Section8:Cell Culture and Treatments

From Assay Guidance Wiki

Culture conditions can be adapted to any cell type. The following recommendations are based on our collective experiences with primary cells, normal and tumor cell lines, attached and suspension cells. Validated multi-channel pipettors can be used throughout. For experiments involving more than 8 to 10 plates, a multi-drop is useful.

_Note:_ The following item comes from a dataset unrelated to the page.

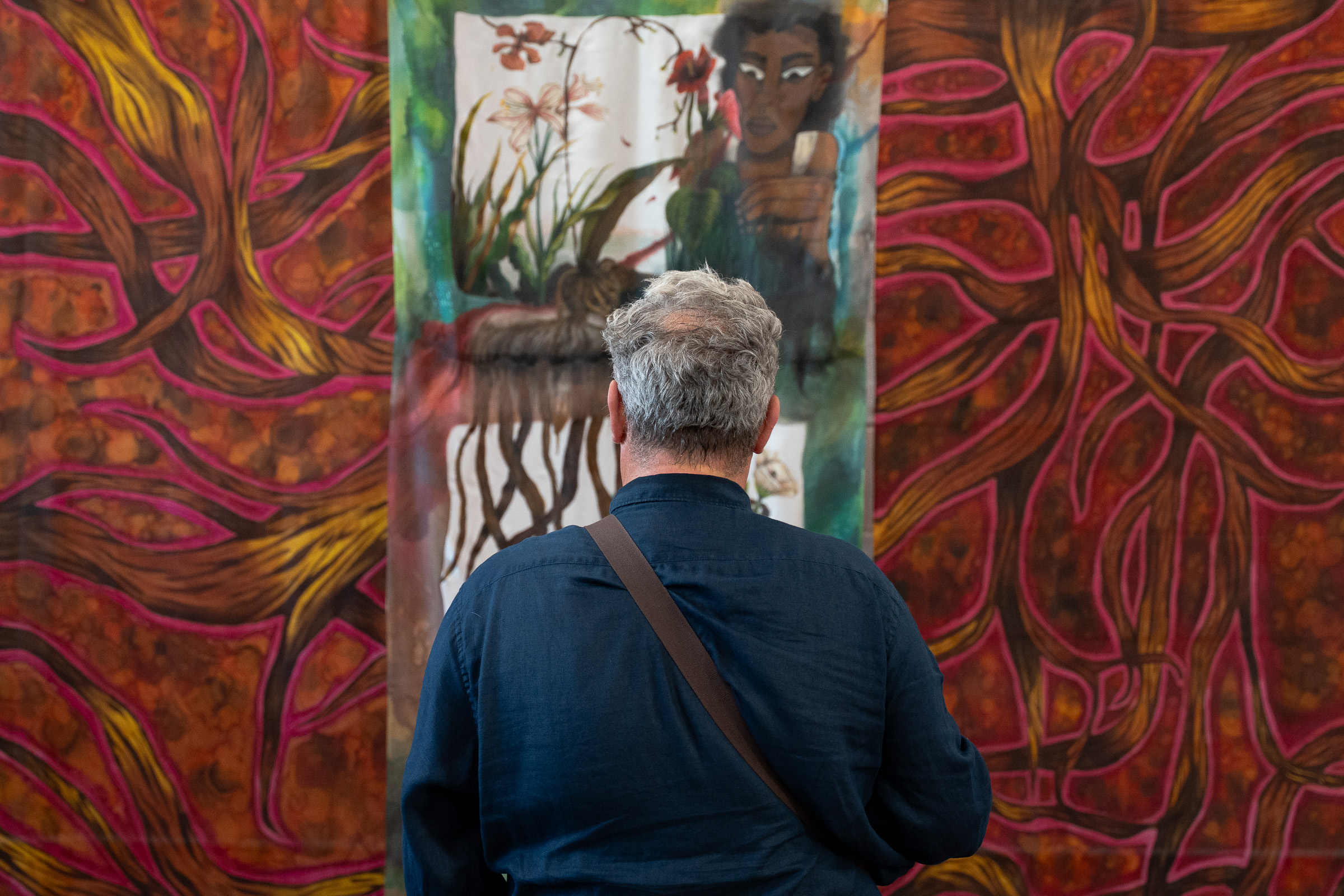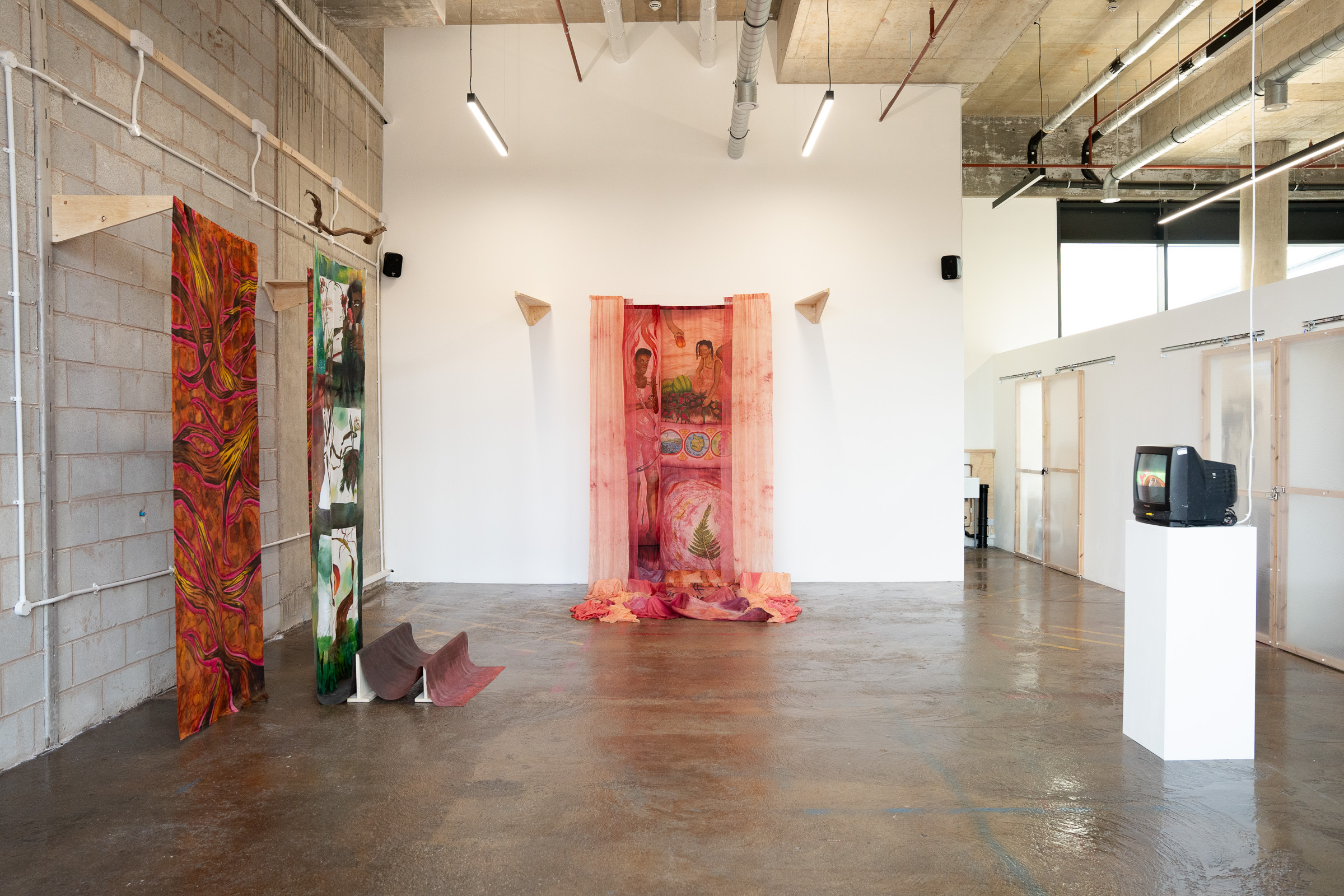 It was such a privilege to be the first artist in that new space. The ceilings are really high, so my first instinct was to work with that verticality. In previous shows I’d used silk hangings in smaller rooms, but here I could scale up.
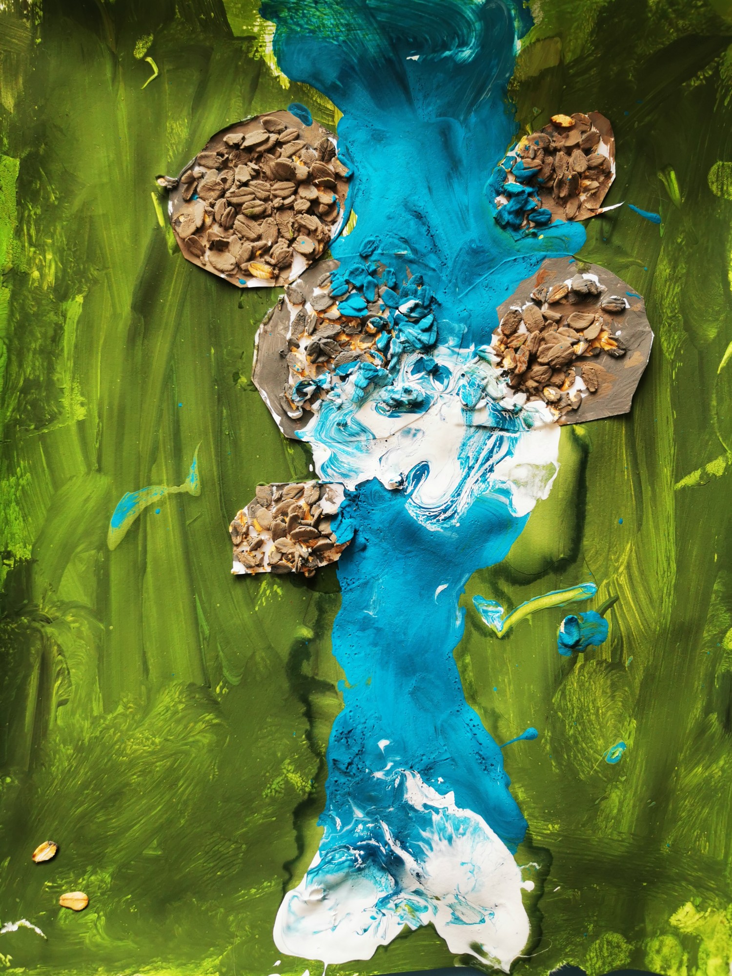 Dzilnīšu mēneša tēma- Ūdens. Sākām ar to, ka apskatījām, kas dzīvo ūdenī, kādā krāsā tas ir. Ūdeni svērām, krāsojām, saldējām, garšojām. Mūsu dārziņš atrodas skaistā vietā Siguldā. Dažādas ūdenstilpnes mums ir apskatāmas jebkurā laikā un dažādākajos platumos un garumos. Pastaigas laikā atradām un pievērsām uzmanību mūsu mazajam strautiņam. Visi kopīgi apklusām un klausījāmies ūdens tecēšanā. Aizvērām acis un iedomājāmies, kā būtu, ja tagad jau būtu vasara. Bērni uzdeva jautājumu, vai šo ūdeni drīkst dzert. Visu izrunājām, ka labāk dzert ir zināmu ūdeni, kurš ir pārbaudīts. Vasaras ilūziju un vasaras siltumu gaidoši, bērniem tapa zīmējums, ,,Meža strautiņš." Kad darbiņš tapa, mēs ilgu laiku skatoties uz šo zīmējumu, iedomājāmies, ka strautiņā mērcējam kājas un gaidām vasaras siltumu. Tāpat arī atradām ticējumus par strauta ūdens spēku, izpildīsim šos ticējumus siltā pavasara dienā, kad dosimies kopīgā pārgājienā ar vecākiem.

1. Seed cells in a 96-well plate at near confluence 1 day prior to the experiment in 100 ul of growth medium. Optimal seeding density should be experimentally determined (see below).
2. For poorly adherent cells, it is useful to plate cells in wells coated with poly-D-lysine or other extracellular matrix components.
3. To avoid chemiluminescent signal spillover between wells, cells should be plated on white plates. Clear bottoms are convenient because cells can still be viewed under the microscope. However, there is a tendency towards “edge effects” with these plates. Opaque bottom white plates can minimize this problem. Alternatively, outside rows and columns can be excluded from the experimental format. When a fluorescent readout is being used a black plate should be used.
4. For growth factor-stimulated responses, the signal window is often increased if cells are serum starved prior to the experiment. Starvation can be for 2-4 h or overnight depending on the cell type and should be optimized using the experimental design templates (see example below).
5. Preincubate with compounds ∼1-2hr before adding the activating stimulus. Compounds should be added such that the final DMSO concentration is ≤0.25%. The compounds are diluted into medium containing serum or if in serum free conditions add BSA to a final concentration of 1%. Dilute the stocks serially to a final concentration of 10X. You will be adding 10 ul to a total of 100 ul to give a final concentration of the compound of 1X.
6. Prepare activators as 10x stocks in medium + 1.0% BSA. This is usually enough BSA to prevent peptides and small molecules from sticking to the sides of the test tubes. Return cells to incubator for the appropriate time.
7. Stimulate the cells with the reagent that is known to specifically produce the desired response. The concentration of the stimulant and treatment times will be determined by experimental design.